As a theoretical computer scientist, Nicole Schweikardt is interested in the efficient processing of extremely large amounts of data. Huge data sets occur in many application areas, for example in collections of research results, as sensor data, or in stock tickers. However, these data are often available only in a semistructured form rather than as a usable database. Thanks to her mathematical training, Schweikardt has been able to score important successes in query optimisation and looking at complexity theory in huge data set processing. Nicole Schweikardt is a junior professor and head of an Emmy Noether independent junior research group. In addition, she is a member of the Young Academy at the Berlin-Brandenburg Academy of Sciences and Humanities.

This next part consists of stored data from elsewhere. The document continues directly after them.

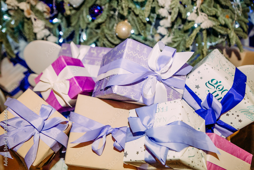 christmas decor purple balls decoration inside house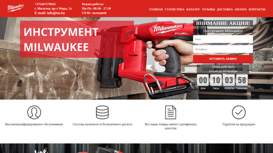 | Название / Заголовок | Инструмент Milwaukee в Минске, Могилеве, Витебске, Гомеле, Гродно, Бресте | ООО «Техстройсервис» |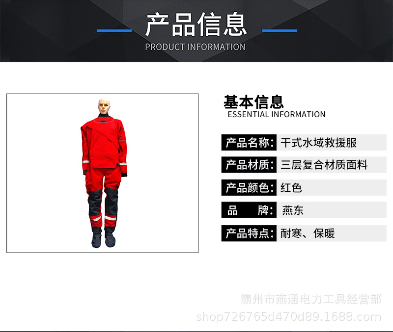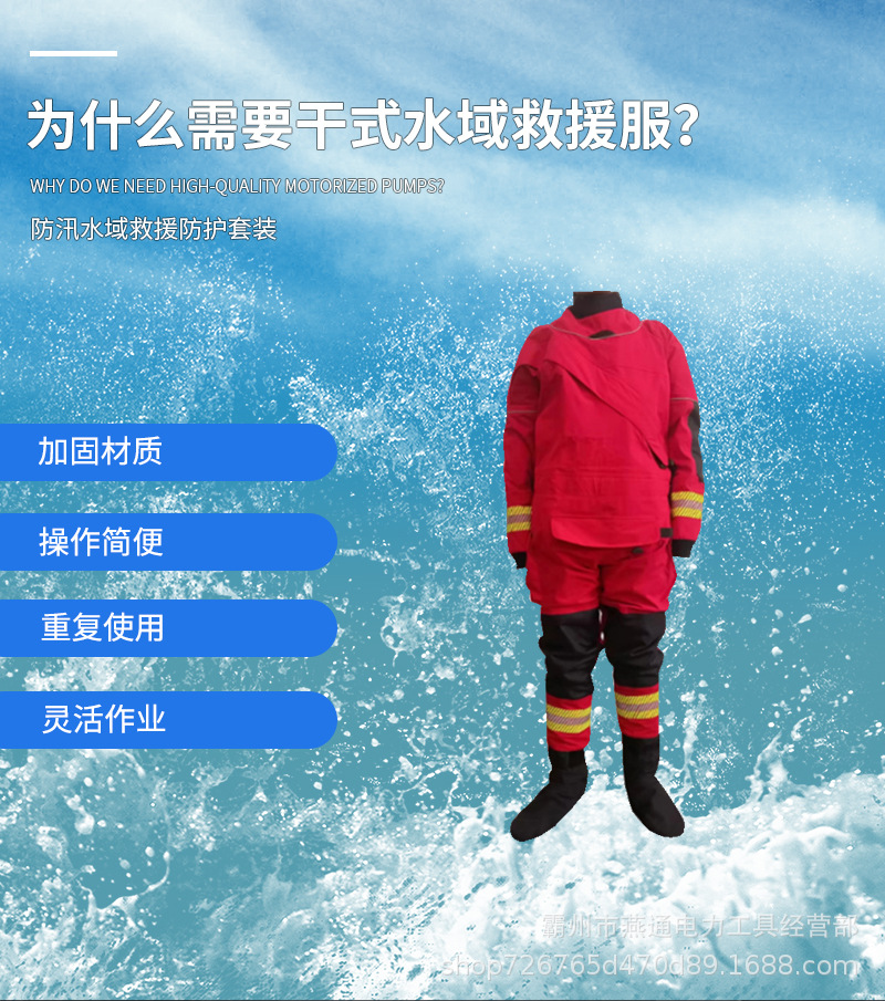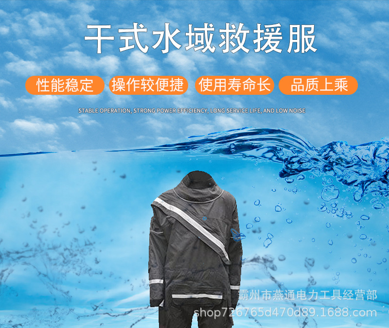 1.1用途:干式水域救援服满足消防员水域救援,防护服的外表面应具有防渗水性,为消防员水域救援服。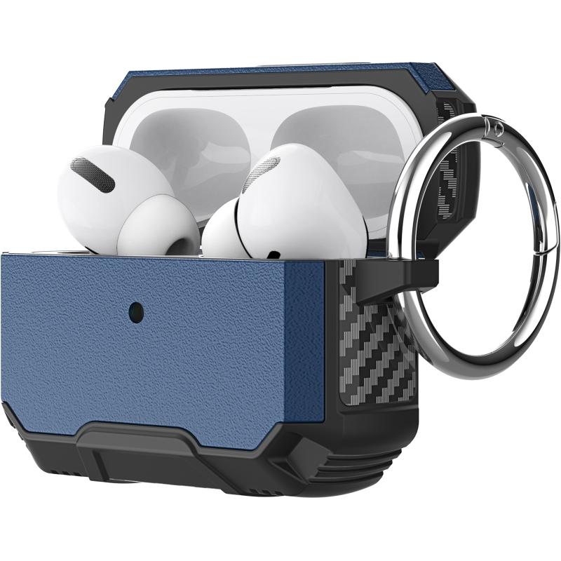 Wireless Earphone TPU + PC Shockproof Case with Hook For AirPods Pro(Navy Blue Black)

  • Dr. Christian Wild (32), microbiology and ecology, Ludwig-Maximilians University, Munich

Christian Wild works at the interface between many scientific disciplines. A biologist by training, he collaborates closely with geobiologists, biologists, ecologists, palaeontologists and geochemists on his projects. His core research topic, the role of organic coral exudates for the functioning of reef ecosystems, used to be largely uncharted territory. For his initial work on this topic he received the Max Planck Society's Otto Hahn Medal in 2005. Christian Wild explores processes whose influence on ecosystems was previously underestimated, and which are crucial for understanding fossil coral reefs and for understanding and protecting modern coral reefs. The socio-political significance of the projects pursued by Christian Wild and his Emmy Noether independent junior research group, regarding material cycles in warm and cold water coral reefs, is also evident in Wild's role as a UNESCO consultant for coral reef issues.

The 30-year anniversary of the Heinz Maier-Leibnitz Prize, and the presentation of this year's awards by DFG President Professor Matthias Kleiner and Federal Minister of Research Dr. Annette Schavan, will be celebrated on 5 June in a ceremony at the Bundeskunsthalle in Bonn. Journalists are cordially invited to attend the event.